_Provided information_:
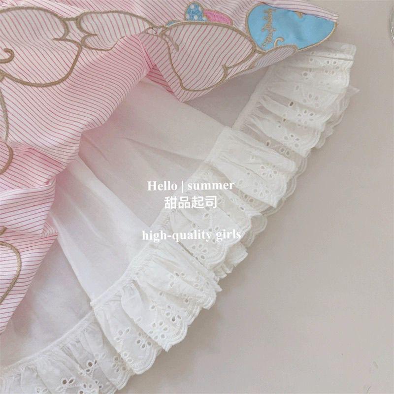 The lower front features whimsical embroidered details: gold-outlined hearts trailing across the skirt, culminating in a large, appliquéd blue bow adorned with a cute My Melody character wearing a polka-dot headband. The entire look rests on a scalloped lace underskirt peeking from below, enhancing its fairy-tale aesthetic.
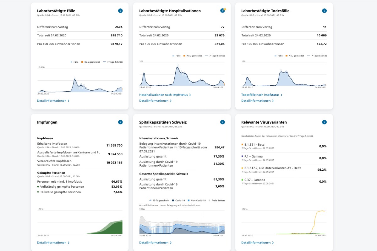 - Fr 10.09.2021 - 37'680 Tests, 2'894 positive Fälle, 7,68%
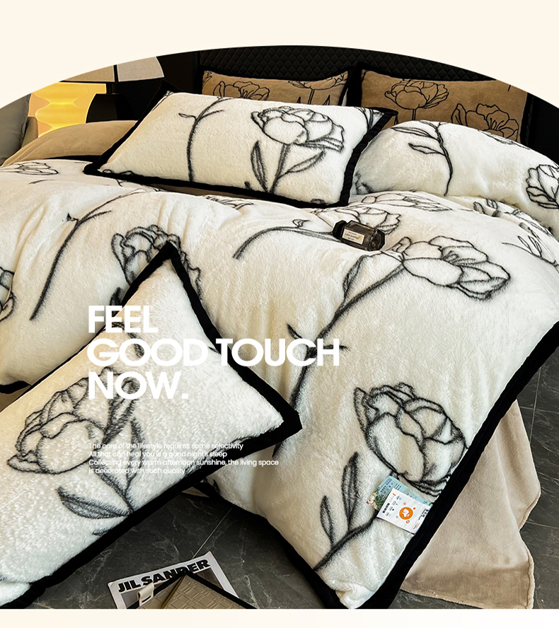 慕尚家纺 2025新款宽包边高克重兔兔绒牛奶绒加厚保暖法式系列四件套 兔毛-玫瑰-奶白
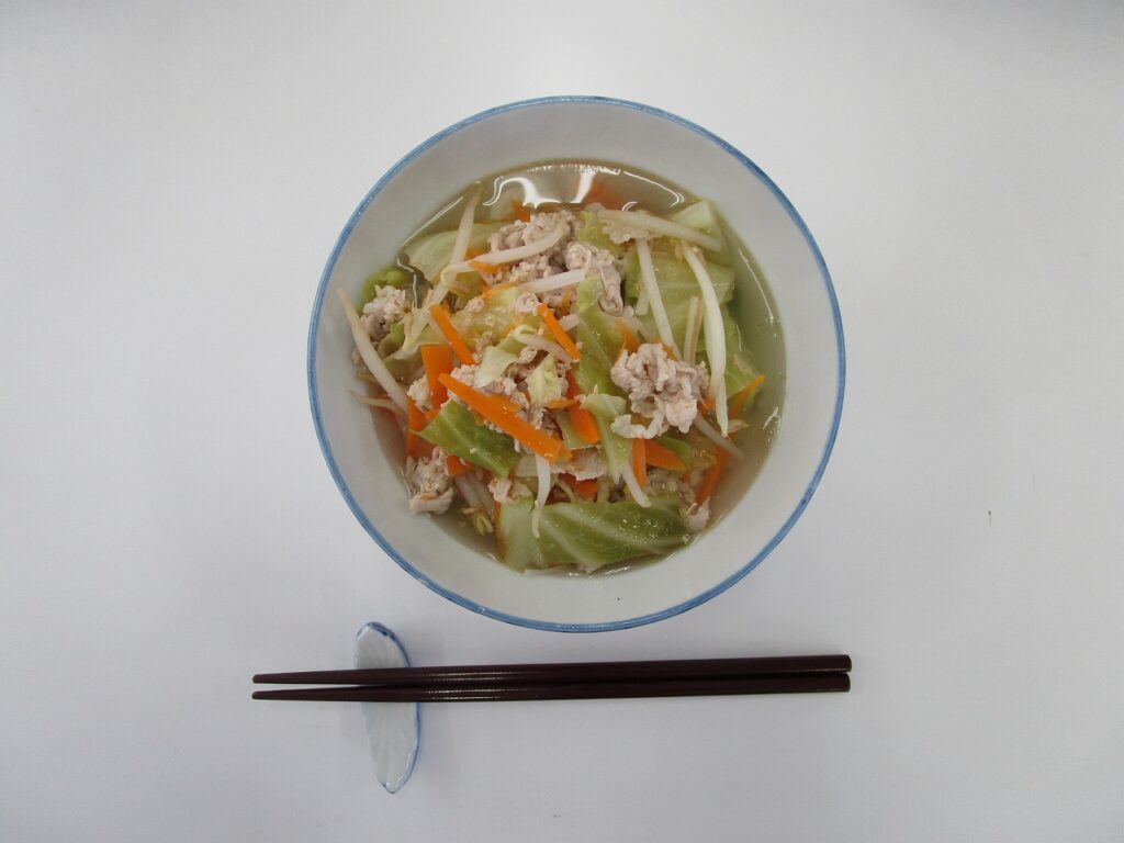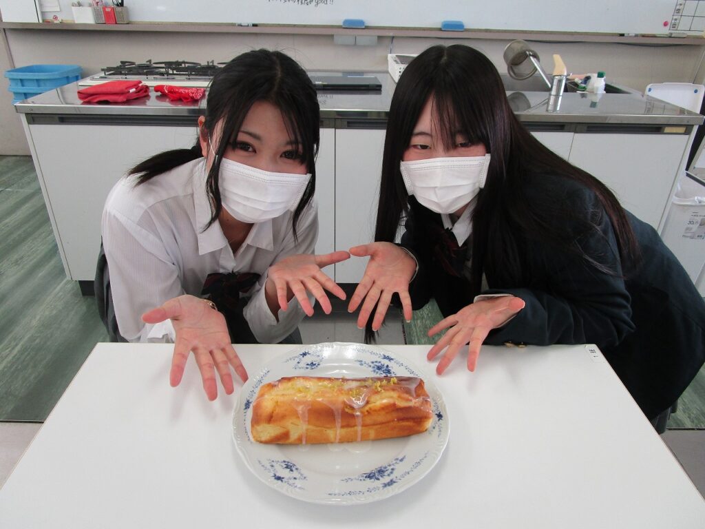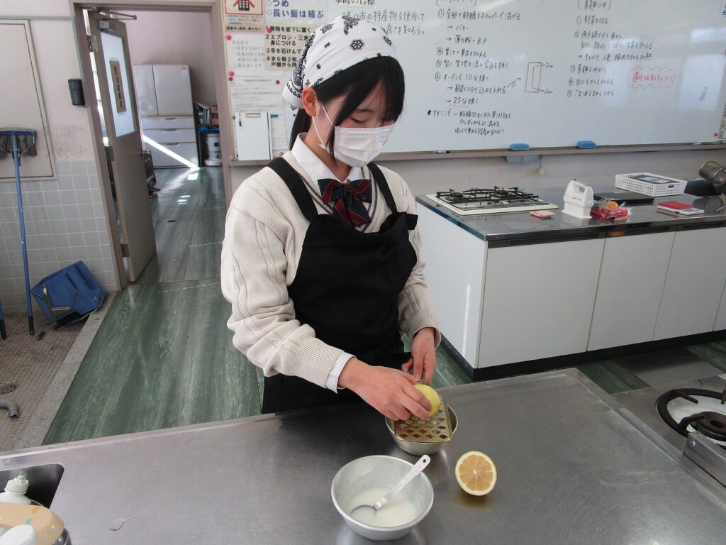食品の授業では、浅口市の特産品である「かも川手延素麺」と「三ツ山レモン」を使った調理実習を行いました。浅口市の特産品を調べ、それぞれの食材の魅力を伝えるために、生徒がメニューを考案し、野菜たっぷりの煮麺とレモンの爽やかな香りが広がるパウンドケーキを作りました。寒い季節にぴったりな身体温まる美味しいメニューとなり、浅口市の食材の魅力を改めて学ぶことができました。
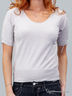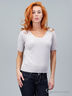 Оригинальный джемпер свободного покроя с короткими рукавами и округлым вырезом горловины. Рукава украшены декоративными завязками. Модель прекрасно скрывает недостатки фигуры, подчеркивая при этом её достоинства. Отличный вариант на каждый день.

_Prompt_: Please retype every entry above exactly, leaving out any picture.

_Response box_:
 The lower front features whimsical embroidered details: gold-outlined hearts trailing across the skirt, culminating in a large, appliquéd blue bow adorned with a cute My Melody character wearing a polka-dot headband. The entire look rests on a scalloped lace underskirt peeking from below, enhancing its fairy-tale aesthetic.
 - Fr 10.09.2021 - 37'680 Tests, 2'894 positive Fälle, 7,68%
 慕尚家纺 2025新款宽包边高克重兔兔绒牛奶绒加厚保暖法式系列四件套 兔毛-玫瑰-奶白
食品の授業では、浅口市の特産品である「かも川手延素麺」と「三ツ山レモン」を使った調理実習を行いました。浅口市の特産品を調べ、それぞれの食材の魅力を伝えるために、生徒がメニューを考案し、野菜たっぷりの煮麺とレモンの爽やかな香りが広がるパウンドケーキを作りました。寒い季節にぴったりな身体温まる美味しいメニューとなり、浅口市の食材の魅力を改めて学ぶことができました。
 Оригинальный джемпер свободного покроя с короткими рукавами и округлым вырезом горловины. Рукава украшены декоративными завязками. Модель прекрасно скрывает недостатки фигуры, подчеркивая при этом её достоинства. Отличный вариант на каждый день.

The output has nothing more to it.